Last week, our friends at Minnesota Gold Meats asked on Facebook, “What do you like with our Campfire Hot Dogs?” Well, I had never had their campfire dogs, but I’ve been really craving some fancy hotdogs lately, so I figured even though it was raining, I would whip up some of the Minnesota Gold Campfire Hot Dogs and give them a try.
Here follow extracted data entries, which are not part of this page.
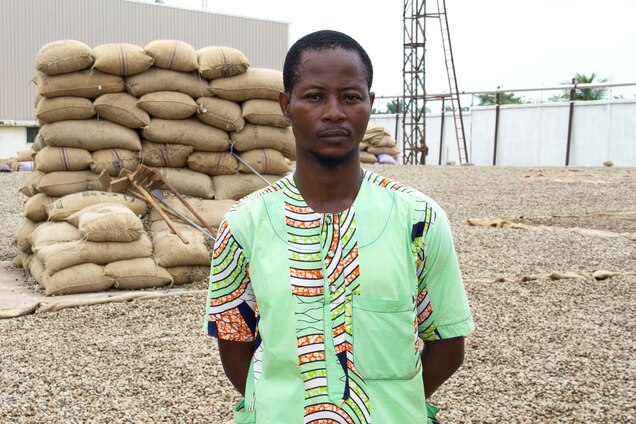 حافظ جبریل، کشاورز بادام هندی، در کارخانه فلودور در بنین عکس می گیرد. در حالی که هند بر بازار بادام هندی تسلط دارد، این کشور کوچک غرب آفریقا یکی از بزرگترین تولیدکنندگان این قاره است، وضعیتی که ممکن است با افزایش دما به خطر بیفتد.
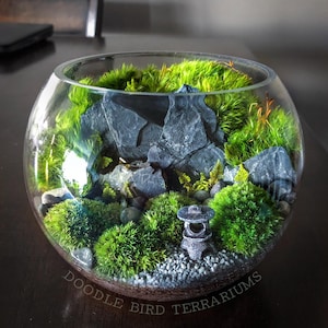 Terrariums are packaged with great care. Packing material is used both inside and outside the jar so that the contents are not jumbled around during shipping. Any terrarium containing live plants should be unpacked immediately after arrival. Plants cannot survive long periods of time inside the box or with packing material covering them. If you need to keep the terrarium in the box then place it in the refrigerator until needed. This will keep the plant fresh (simulating winter conditions) and green. Remember to remove the packing material prior to storage.
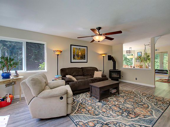 Beautiful 2,160 SF, 3-BR, 3-BA, cedar sided home in quiet country setting! Kitchen and dining area has great light. Extra-large windows let natural surroundings in! Start up the wood stove in the winter with inexpensive wood heat. All kitchen appliances, washer, dryer are new and garage freezer are included. Main level bonus room can be used for exercise room, office, or hobby room. Main level bedroom and bath, extra-large loft/family room upstairs with primary suite on second level. Recent interior paint, flooring, light fixtures and trim throughout. 30-year roof installed in 2016. Nicely landscaped yard with flowers and garden areas. Private back yard deck provides added enjoyment. Fenced back yard includes water feature and pond. Front and back automatic sprinkler landscaped areas make this property easy to manage. Great 2-car attached garage with work area lots of storage. Additional "red barn" storage shed is on property for your tools, equipment, and toys.

I happened to have some chipotle mayo and caramelized onions hanging out in the fridge. I’ve mentioned before that I love to make big batches of caramelized onions so I can have them around to add to salads or hot dogs or mac ‘n cheese – the options are endless! This combination gave me a little bit of a sweet and spicy combination. And of course bacon goes good on everything and added a nice crunch – plus it was raining outside so I made the hotdogs on the griddle and what is better to crisp them in than bacon fat? A little random digging through my fridge and these turned out to be pretty awesome hot dogs.
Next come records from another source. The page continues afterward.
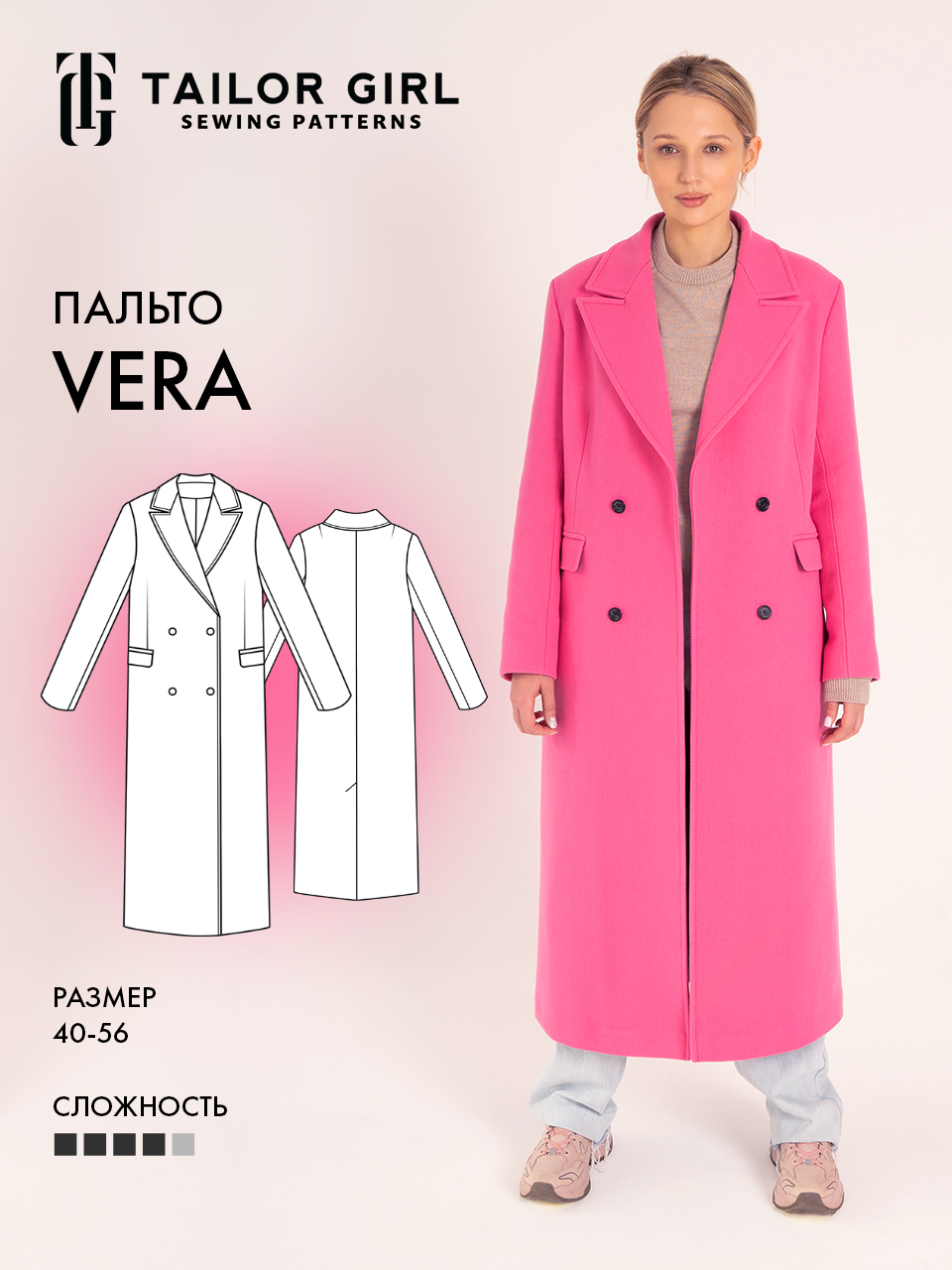 ПАЛЬТО «VERA» Пальто умеренного объёма, прямого силуэта. На полочках нагрудные вытачки переведены в талиевые вытачки и линию кармана
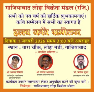 Alongside these maestros, the stage will also feature Dr. Pratik Gupta, a distinguished name in humorous satire. The organizers, Ghaziabad Loha Vikreta Mandal, have extended a warm welcome to all residents to enjoy this cultural feast. Attendees are also invited to stay for refreshments (Swalpahar) following the conclusion of the Kavi Sammelan.
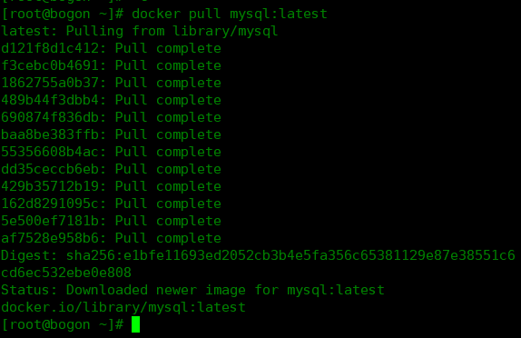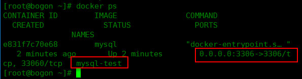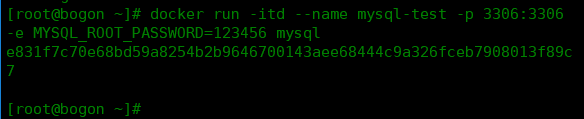 [root@bogon ~]# docker run -itd --name mysql-test -p 3306:3306 -e MYSQL_ROOT_PASSWORD=123456 mysql
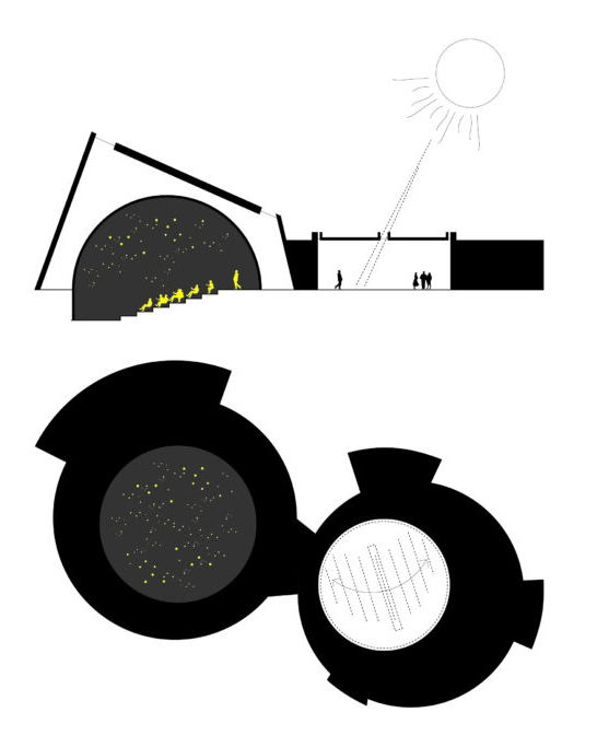 Le bâtiment qui s’inspire de la géométrie des observatoires et des instruments astronomiques se compose de deux ensembles. Le premier accueille les visiteurs -billetterie, boutique, cafétéria- et est le point d’entrée des activités culturelles et éducatives du Jardin des Sciences et des structures muséales de l’université -musée de zoologie, musée de minéralogie et de sismologie, jardin botanique, etc-. Le second soutient le dôme de 15 m de diamètre du planétarium, incliné à 18° et suspendu pour abaisser au maximum la ligne d’horizon et renforcer l’immersion des spectateurs. Il peut accueillir 138 personnes, confortablement installées dans des fauteuils dont les différentes inclinaisons offrent une visibilité maximale et homogène sur les 30 millions de pixels du système de projections composé de 6 vidéoprojecteurs. Un dispositif de diffusion spatialisée du son complète le dispositif immersif. Il est possible de redresser les fauteuils et de constituer une petite scène -en démontant le premier rang- pour accueillir de petites formes de spectacles -lecture, musique de chambre-.
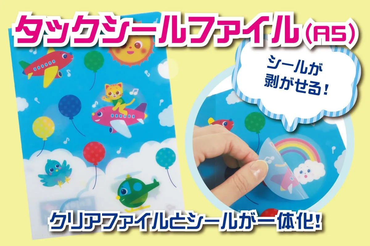 『タックシールファイル(A5)』は、クリアシール素材を使ったA5サイズのクリアファイルです。何が特別かと言うと、シールがハーフカットされており、本体から簡単にはがすことができること。これにより、一つのファイルで楽しみ方が二度あるのです!シールを剥がすと、その下に隠されたデザインが現れ、シンプルながらも楽しい体験を提供します。
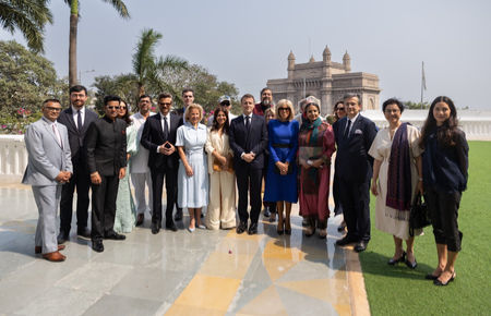 After this, he and First Lady Brigitte Macron also paid floral tributes to those who lost their lives in the 2008 terror attack at the Taj Mahal Palace Hotel.
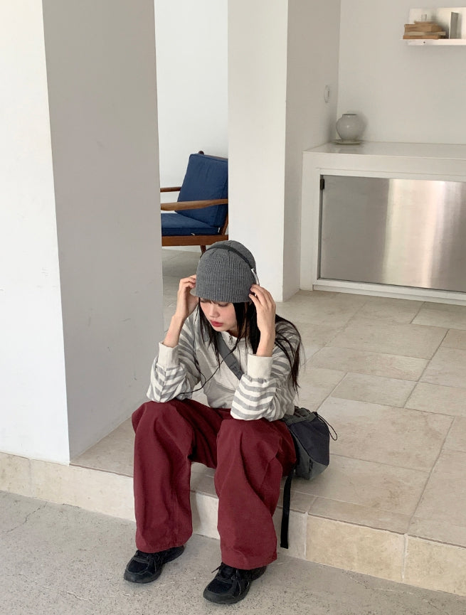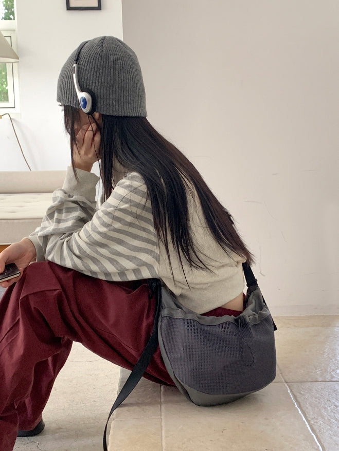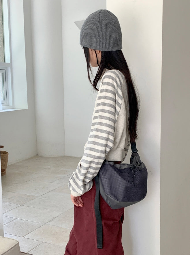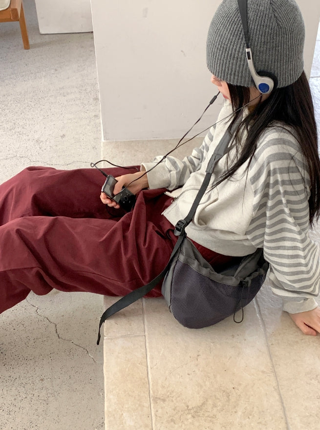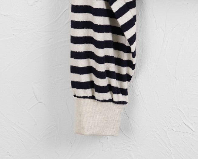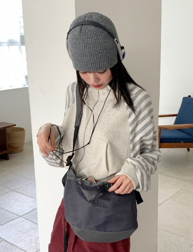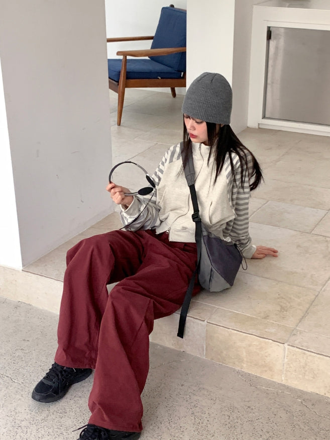 Choit Stripe Color Matching Half Neck Two-Way Pile Crop Zip-Up

Now back to the hotdogs – this was my first time trying anything made by Minnesota Gold besides their bacon (which I love). First off, I was impressed that they came in a 16 pack (other stores might have smaller packages), which is important because buns typically come in 8 packs, which means it was an even multiple of buns – something not every brand gives you. Second, they were good! They were nice and plump, with a hint of a smoky flavor. Oh and they rang up at about a quarter a dog – without being on sale. I normally don’t wax poetic about hot dogs, but these were definitely good.
Here’s what you need:
If you don’t have any caramelized onions in the fridge like I did, get at least one good sized onion going (for 4 hot dogs). Head over to my How To post for details on how I like to caramelize onions. You can also use the slow cooker, like I did for Slow Cooker French Onion Soup, just stop short of the soup part, although you need to plan ahead for this method.
Next, heat your griddle to medium heat, about 300 degrees – or a medium to large skillet. Cook at least 4 strips of bacon – you’ll see six here because I made some extra to crumble on a side I was making. The bacon will take about 10 minutes depending on the exact temperature of your griddle.
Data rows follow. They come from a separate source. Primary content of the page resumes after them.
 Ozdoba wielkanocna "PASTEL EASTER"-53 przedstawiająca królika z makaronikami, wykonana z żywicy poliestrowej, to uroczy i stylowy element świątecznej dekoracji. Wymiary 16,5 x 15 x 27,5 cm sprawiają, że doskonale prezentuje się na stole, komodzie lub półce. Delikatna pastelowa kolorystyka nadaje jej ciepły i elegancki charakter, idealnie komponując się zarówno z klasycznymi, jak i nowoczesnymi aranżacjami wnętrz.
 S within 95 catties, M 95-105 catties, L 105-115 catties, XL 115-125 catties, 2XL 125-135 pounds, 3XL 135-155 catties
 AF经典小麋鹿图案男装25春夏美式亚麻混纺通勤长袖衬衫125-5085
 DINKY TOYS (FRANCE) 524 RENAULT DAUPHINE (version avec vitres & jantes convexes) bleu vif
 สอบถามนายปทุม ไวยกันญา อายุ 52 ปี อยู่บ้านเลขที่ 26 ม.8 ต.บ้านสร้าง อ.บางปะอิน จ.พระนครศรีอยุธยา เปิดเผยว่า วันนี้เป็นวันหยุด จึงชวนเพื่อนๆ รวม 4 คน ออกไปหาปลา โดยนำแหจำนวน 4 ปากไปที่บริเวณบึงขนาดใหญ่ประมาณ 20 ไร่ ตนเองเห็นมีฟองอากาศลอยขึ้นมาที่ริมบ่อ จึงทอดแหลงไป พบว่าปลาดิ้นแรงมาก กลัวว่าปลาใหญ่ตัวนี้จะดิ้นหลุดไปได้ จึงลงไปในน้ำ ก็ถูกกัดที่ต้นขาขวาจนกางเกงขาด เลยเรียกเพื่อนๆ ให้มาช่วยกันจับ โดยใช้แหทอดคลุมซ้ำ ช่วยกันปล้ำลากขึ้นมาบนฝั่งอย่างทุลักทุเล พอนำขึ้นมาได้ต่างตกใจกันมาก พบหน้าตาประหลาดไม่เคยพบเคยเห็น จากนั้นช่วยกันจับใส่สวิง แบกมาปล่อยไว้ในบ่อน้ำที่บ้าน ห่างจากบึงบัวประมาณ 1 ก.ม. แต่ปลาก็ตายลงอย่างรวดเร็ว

If it’s not raining for you and you want to cook these outside, go right ahead and grill the dogs up! In that case I would recommend baking the bacon (or maybe using some you have hanging out in the fridge already) because you won’t need the bacon fat for the hot dogs.
Once the bacon is done, drain the bacon on paper towels, chop, and set aside. Add the hot dogs to the griddle. Don’t bother removing the fat that rendered from the bacon.
Cook them turning periodically until they have a nice char and are a little bit blistered – or really however you like them, as long as you warm them up. I wanted some nice char to mimic the flavor from the grill outside. This takes about 5 to 8 minutes, give or take.
Finally it’s time to build this sweet and spicy dog already! First things first – and maybe a little obvious – we’re going to plop it into a bun.
Now we’ll add the sweet with some caramelized onions – as much as you like.
And then it’s time for the spice by adding a drizzle of chipotle mayo.
And because everything needs a little texture – a sprinkle of bacon.
Tell me that doesn’t look like a tasty hot dog? Ketchup and mustard move on over!
We served these with some oven baked potato chips, but I haven’t quite perfected that recipe enough to share with you guys yet. A few more rainy days and then we’ll talk.
This is what we like with our Minnesota Gold Campfire Dogs.
- 4 slices bacon
- 4 Hot Dogs, such as Minnesota Gold Campfire Dogs
- 4 buns
- ½ to 1 cup caramelized onion (from 1-2 medium sweet onions)
- Chipotle Mayo
- Preheat griddle to 300 degrees or a large skillet over medium heat.
- Cook bacon until nice and crisp. About 10 minutes. Remove to paper towel lined plate to drain and then chop into pieces.
- Cook the hot dogs in the rendered bacon fat, turning periodically until warmed through and charred to your taste on the outside. About 5-8 minutes.
- Build your sweet and spicy dog. Start by adding to your hot dog to a bun, then caramelized onion, a drizzle of chipotle mayo, and some crumbled bacon.